“Those who don’t believe in magic will never find it.” – Roald Dahl
I am what one would call a multipotentialities-type of person. For those left wondering, multipotentiality is an educational and psychological term referring to the ability and preference of a person, particularly one of strong intellectual or artistic curiosity, to excel in two or more different fields. In the Georgian Era, one would describe me as accomplished by certain standards – I sadly do not play the pianoforte, so we can rule that off the list of accomplishments held to high standards during that period.
With all of my continual learning, research, experiences, and passions I found myself earlier this year (January 2019) wondering where my magic had gone. My life took a sharp change in direction last fall, one of facing a decision to either continue on with the direction my life was going or make a drastic change in my career. It was not until January that someone close to me, who works in the field as a Data Scientist/Engineer, opened my eyes to a pathway I had thought closed to me – programming.

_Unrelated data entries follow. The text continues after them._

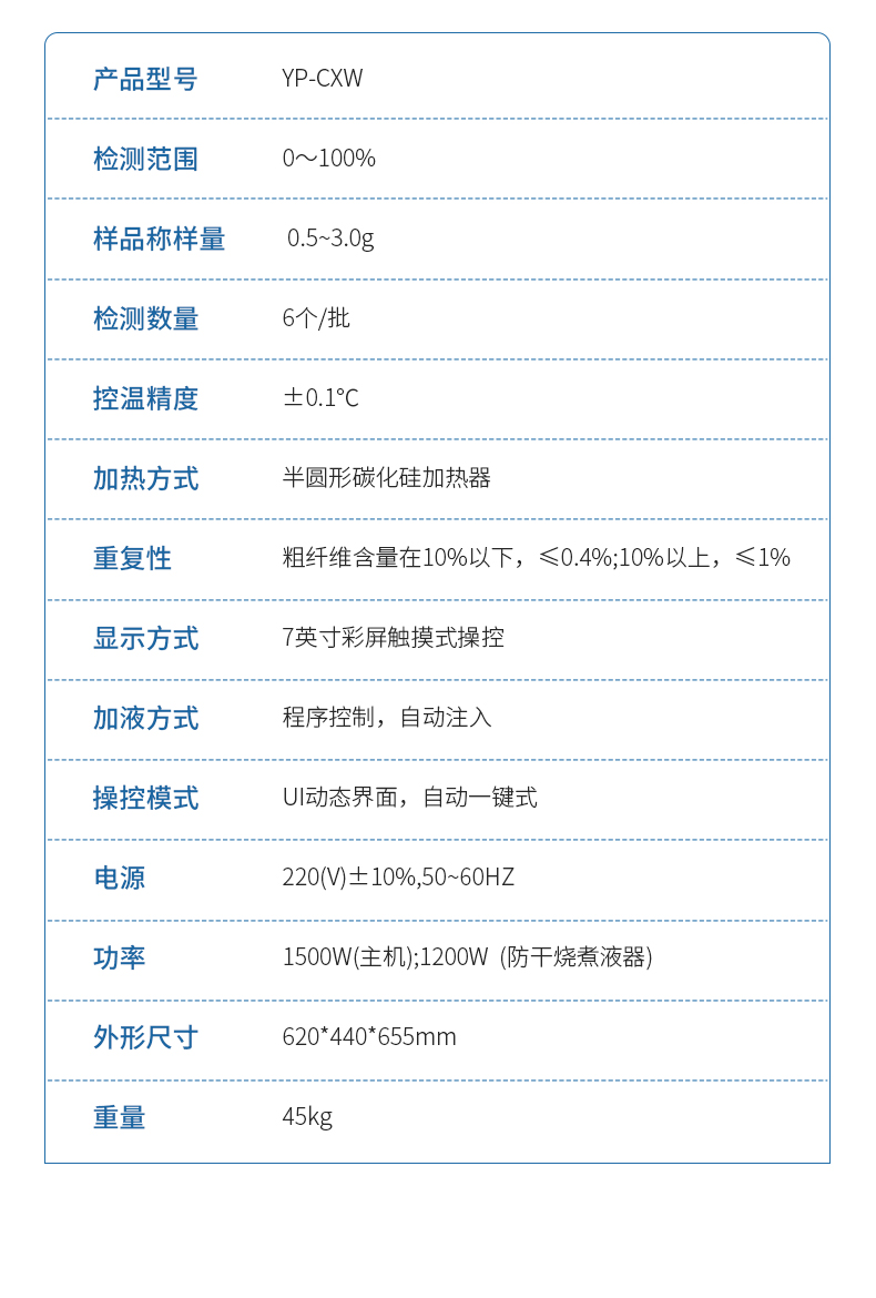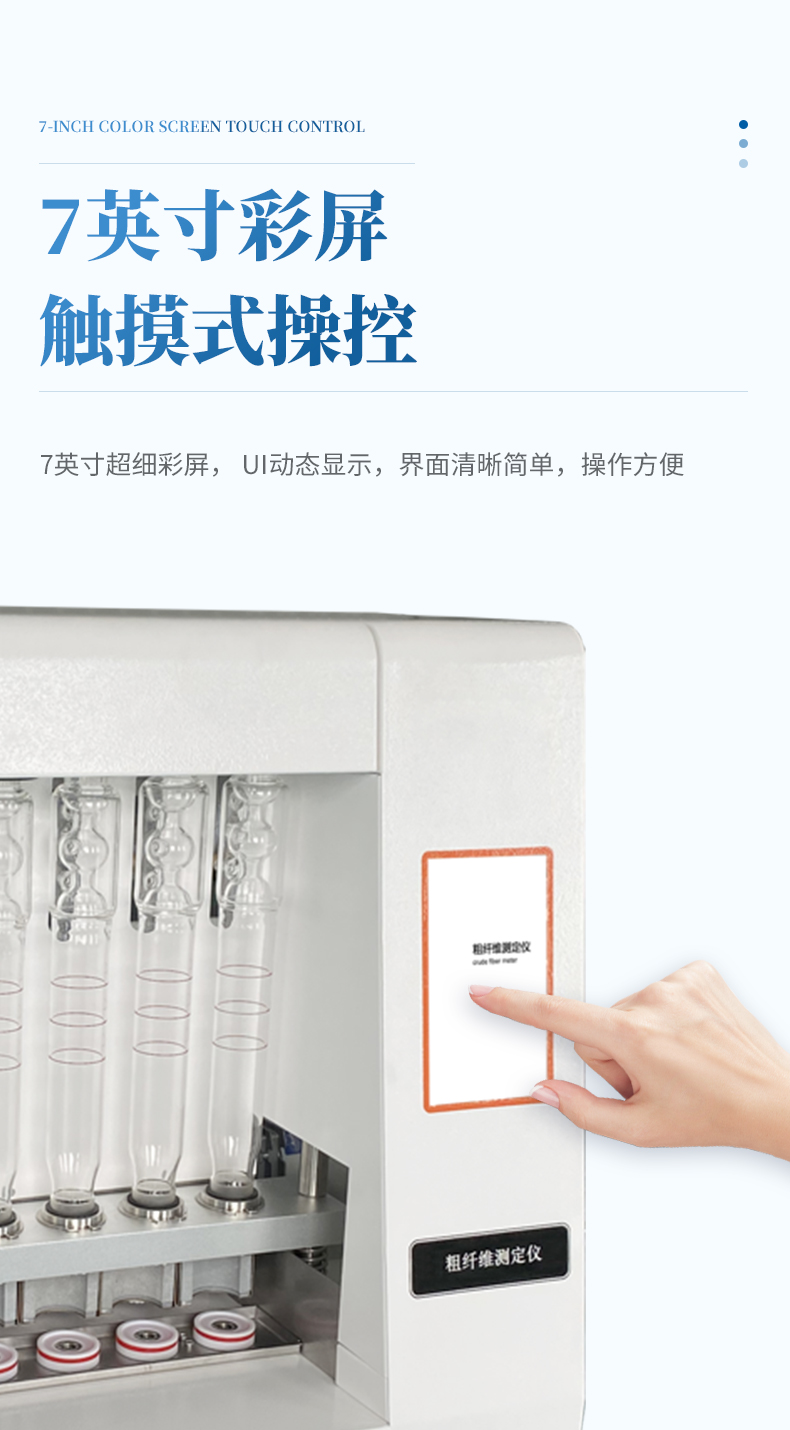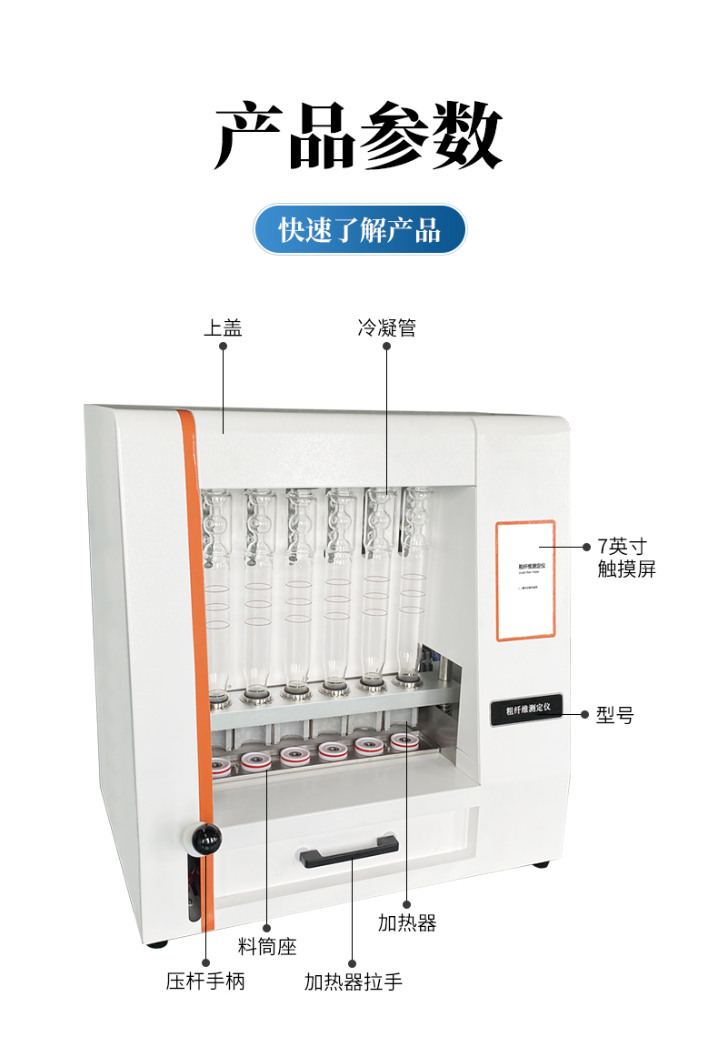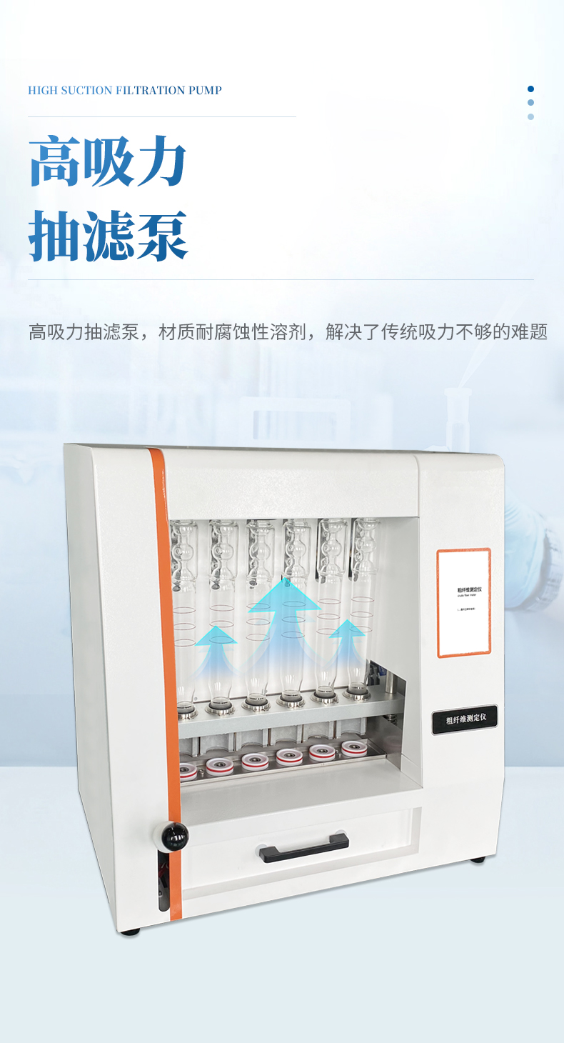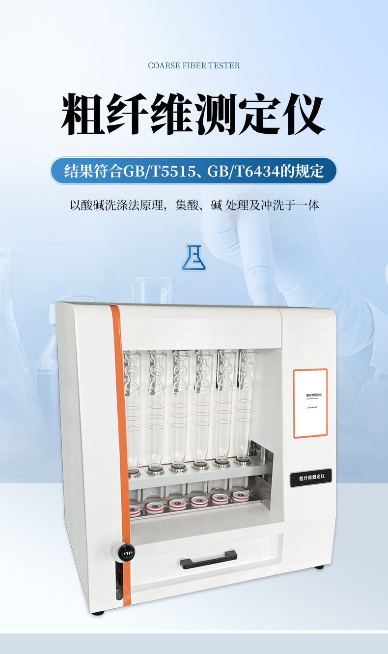 粗纖維測定儀是一款操作簡單、應(yīng)用靈活的纖維含量檢測儀器,可用于 傳統(tǒng)的溫德法檢測粗纖維和范式法檢測洗滌纖維。它是以酸堿洗滌法原理,集酸、堿 處理及沖洗于一體,采用全封閉電加溫、加液、消煮、抽濾、沖洗的方法來測定纖維 含量。適用于植物、飼料、食品及其它農(nóng)副產(chǎn)品中粗纖維的測定以及洗滌纖維、纖維 素、半纖維素和其它相關(guān)參數(shù)測試,其結(jié)果符合GB/T5515、GB/T6434的規(guī)定。
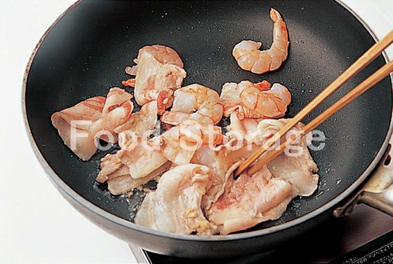 フライパンにサラダ油、しょうがを入れて弱火で炒め、香りが立ったら豚肉、えびを加えて色が変わるまで中火で炒める。 |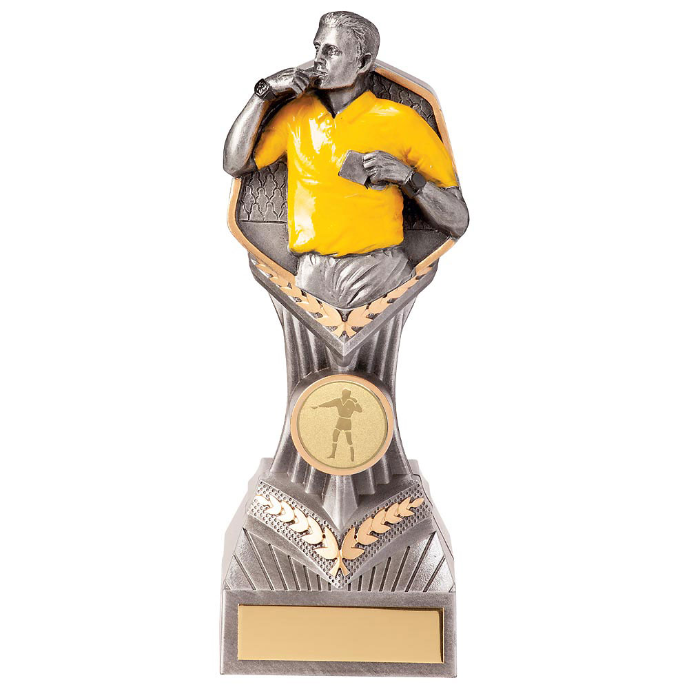 Falcon Football Referee Award in resin 190mm highFeatures silver referee with whistle and card wearing yellow shirtStands on a silver and gold column and baseEngraving plate and club logo can be applied to frontAlternative code: FA4074C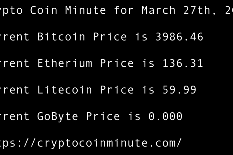 Current Bitcoin Price is 3986.46 Current Etherium Price is 136.31 Current Litecoin Price is 59.99 Current GoByte Price is 0.000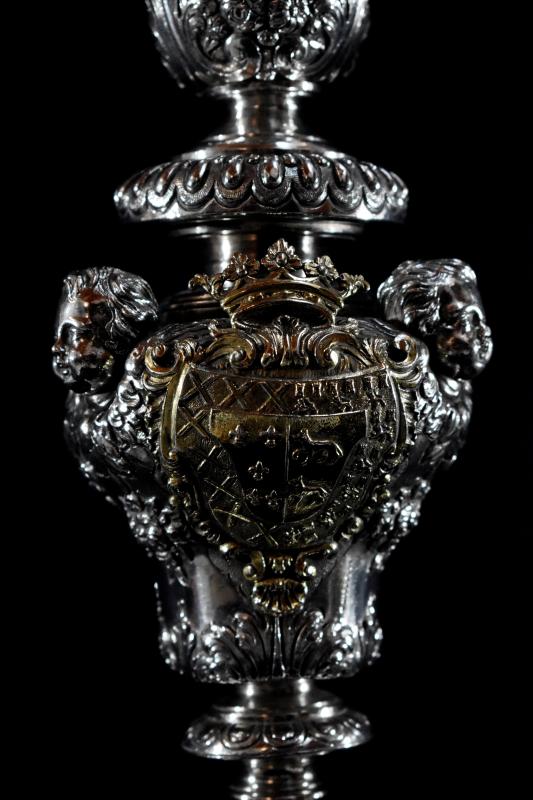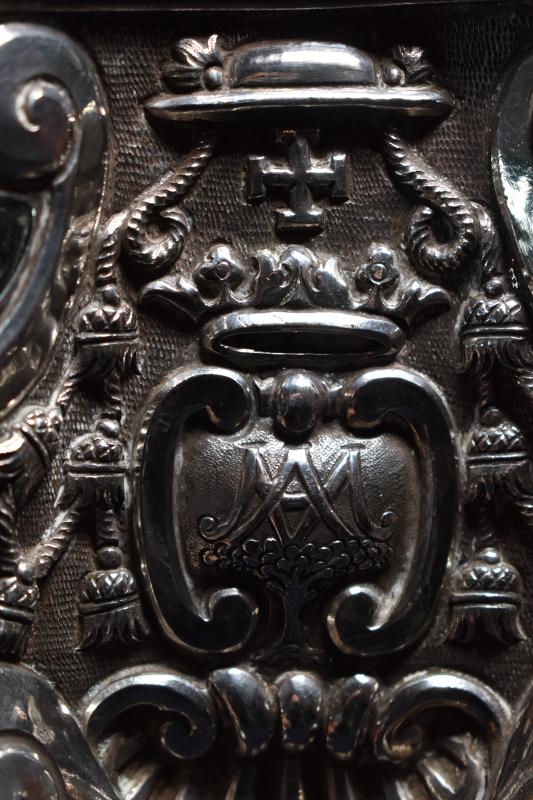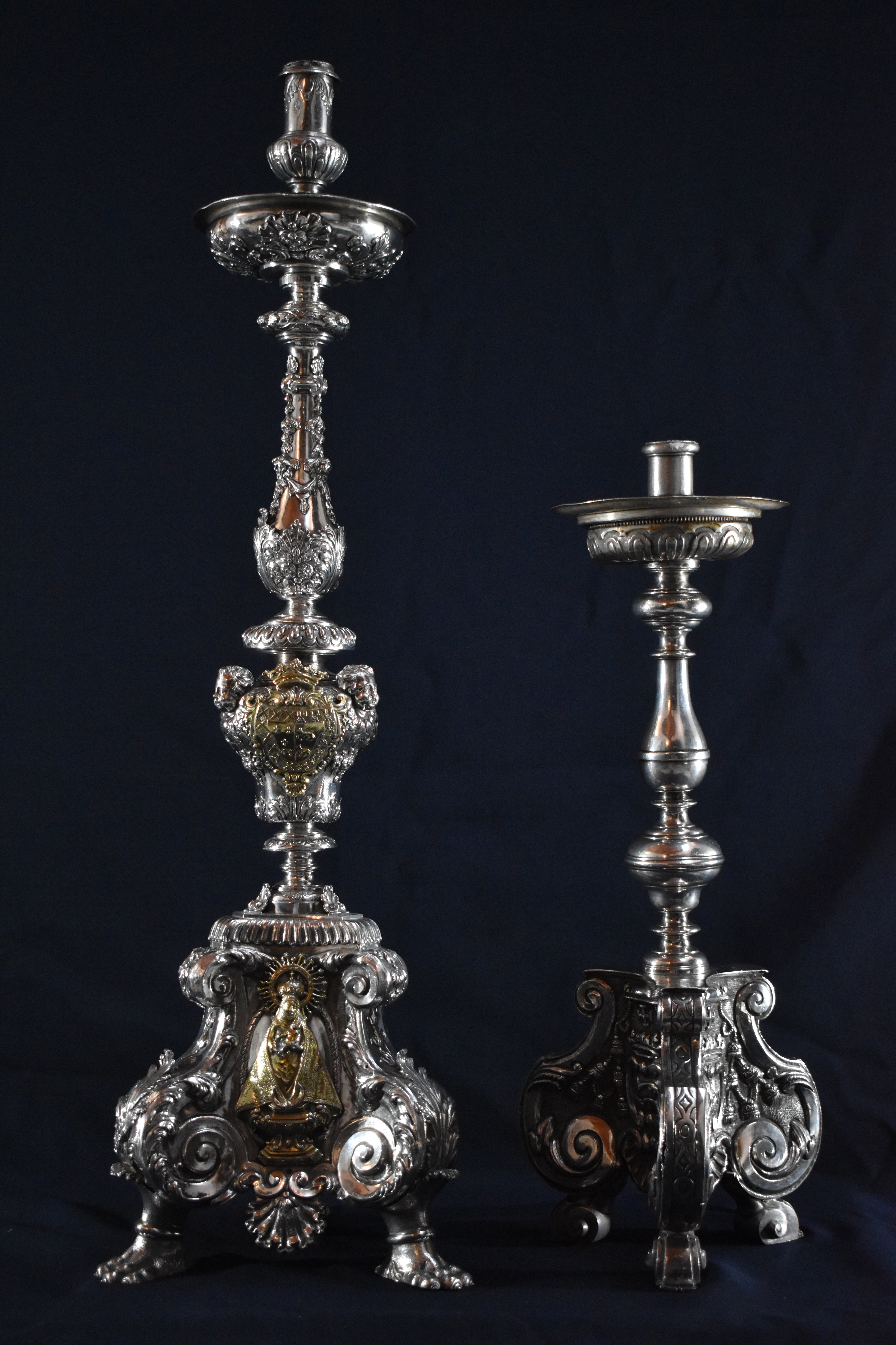 En los candeleros de menor tamaño el repertorio decorativo es mucho más somero, abundando los motivos geométricos y ahondando en una mayor pureza de líneas, por lo que cronológicamente cabe la posibilidad de que fueran más antiguos que los salmantinos. Llevan en su base las armas del prelado y distintos emblemas marianos.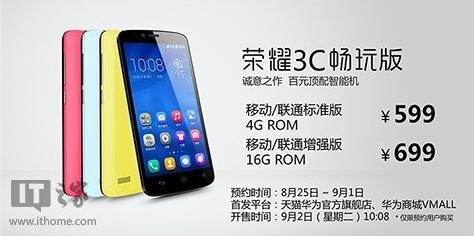 该机售价,标准版(4G ROM)599元,增强版(16G ROM)699元,8月25日起开启预约,9月2日正式开售。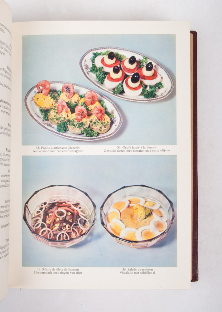 Sm. 4to., faux lether, 2 volumes with 480 - 972 pp., and added: Handboek voor het Hotel - Café - Restaurant met een inleiding van F.A. Pfeifer and in cooperation with C.S. Baljon, J.W.F. Werumeus Buning and many others. Universum, Amsterdam and Antwerpen, 1954. Faux leather, 503 pp. the 3 books unformly bound and complete with recipies and illustrations in colour and black & white.

How does one go from having worked as a legal assistant and freelance technical/general writer with a varied background in design and management even begin to transition into programming? Would I have to go back to college? With so many questions, the only answer I knew was that no matter how I approached learning languages, frameworks, and anything else that would even prepare me to be hirable would take hard work and dedication of time.
As the months have passed, my self-learning curriculum has included material from Pluralsight, Udacity, EdX, Youtube, and more recently taking several offered classes through OK Coders Bootcamp. From the moment everything was set up and my MacBook was primed – I dedicated anywhere from 4 to some days almost 10 hours to learning how to code. The sacrifice of making such a drastic career pivot meant taking a step back from areas of my life I had previously dedicated time. My friends were very understanding of this new focus. The support was readily given, it fueled me in ways that I find myself unsure how to even begin to repay them for.
This change and pivot not only affects myself but my two boys. I not only work to provide them a life where they can freely explore their own avenues of interest but serve as an example to them that one can learn anything they set their mind to – I have seen how intrigued they both are in my studies.
My oldest son, age 9, looks up to my dear friend (before mentioned Data Scientist/Engineer who has and remains one of my biggest supporters) as a strong male role model in the field – he recently described my friend as a “coding scientist who does programming and has talked to Ted.” I love the viewpoint that children have upon the world. His admiration for my friend combined with seeing me commit myself to learning and the related projects has sparked his interest in programming. He is a lover of math and science but now he, too, finds himself answering the siren’s call of programming at a very early age. My youngest, age 7, is equally intrigued by programming he is finding his passion through his love of arts, music, and math. I can only hope that as my children explore the world around them through what drives them that they will also be open to continual learning. Nothing thrills me more than the knowledge that my boys are as excited about learning as I am. We can go far in the world if we embrace a culture of continual learning.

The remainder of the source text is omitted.